Carpentry Worksho

Completed

In 2018, in parallel to the construction of the school (2014-2021), a carpentry workshop was planned, financed and built for the carpenter in charge of the work, Lamine Sambou, with the aim of providing him with the infrastructure to carry out his carpentry work in a professional way, with suitable tools and adequate spaces.

All the structural pieces for CEM Kamanar were made at Lamine Sambou’s carpentry workshop, as well as all the furniture for the school, under the tutelage of Marc Morro, the designer.

The ‘Atelier de Bois’ project, designed by the dawoffice architecture studio, unites the building and plot boundary into one single element, treating the fence directly as a surrounding element for the building. The boundaries of the façade confine both the outside spaces and the interiors, interlacing their limits, and integrating an existing tree into a working patio.

The majority of the construction materials for the building came from the plot itself. The initial excavation became the work site quarry. By transforming the earth of the plot, we managed to reduce materials transportation to a minimum and, thus, the ecological footprint.

This procedure arose from an initial investigation into local aspects that directly influence the project: climate, materials and indigenous construction techniques, among others.

In their indigenous architecture, it is common to use red earth that contains clay in various quantities. This is used to create walls, adding some plant tissue such as straw, to stabilise it, and small stones to provide greater robustness.
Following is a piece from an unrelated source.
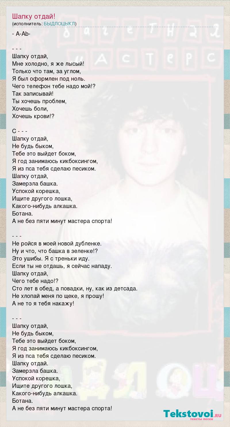 - A-Ab- - - - Шапку отдай, Мне холодно, я же лысый! Только что там, за углом, Я был оформлен под ноль. Чего телефон тебе надо мой!? Так записывай! Ты хочешь проблем, Хочешь боли, Хочешь крови!? С - - - Шапку отдай, Не будь быком, Тебе это выйдет боком, Я год занимаюсь кикбоксингом, Я из пса тебя сделаю песиком. Шапку отдай, Замерзла башка. Успокой корешка, Ищите другого лошка, Какого-нибудь алкашка. Ботана. А не без пяти минут мастера спорта! - - - Не ройся в моей новой дубленке. Ну и что, что башка в зеленке!? Это ушибы. Я с треньки иду. Если ты не отдашь, я сейчас нападу. Шапку отдай, Чего тебе надо!? Сто лет в обед, а повадки, ну, как из детсада. Не хлопай меня по щеке, я прошу! А не то я тебя накажу! - - - Шапку отдай, Не будь быком, Тебе это выйдет боком, Я год занимаюсь кикбоксингом, Я из пса тебя сделаю песиком. Шапку отдай. Замерзла башка. Успокой корешка, Ищите другого лошка, Какого-нибудь алкашка. Ботана. А не без пяти минут мастера спорта!

With this technique, bricks of a similar composition were produced, called CEB (Compressed Earth Blocks). They became the main material of the building, combined to face the different environmental conditions.

The cover, made from local red-wood profiles, and finished with a corrugated sheet, does not fully cover the Façade-Fence with CEB; the space it contains is a covered work area surrounded by a courtyard. In the central part of the rectangle, the programme is organised by a reinforced clay slab finished with a ceramic material enamelled in black and white. It is distributed over a large area for the wood thinning machine, a space with tables for assembling the furniture, and a small office separated by a shelf. The space surrounding the slab is finished with native palm tree bark, draining the areas susceptible to becoming wet during the rainy season.

The structural analysis was carried out by the engineering company CVC Ingenieros.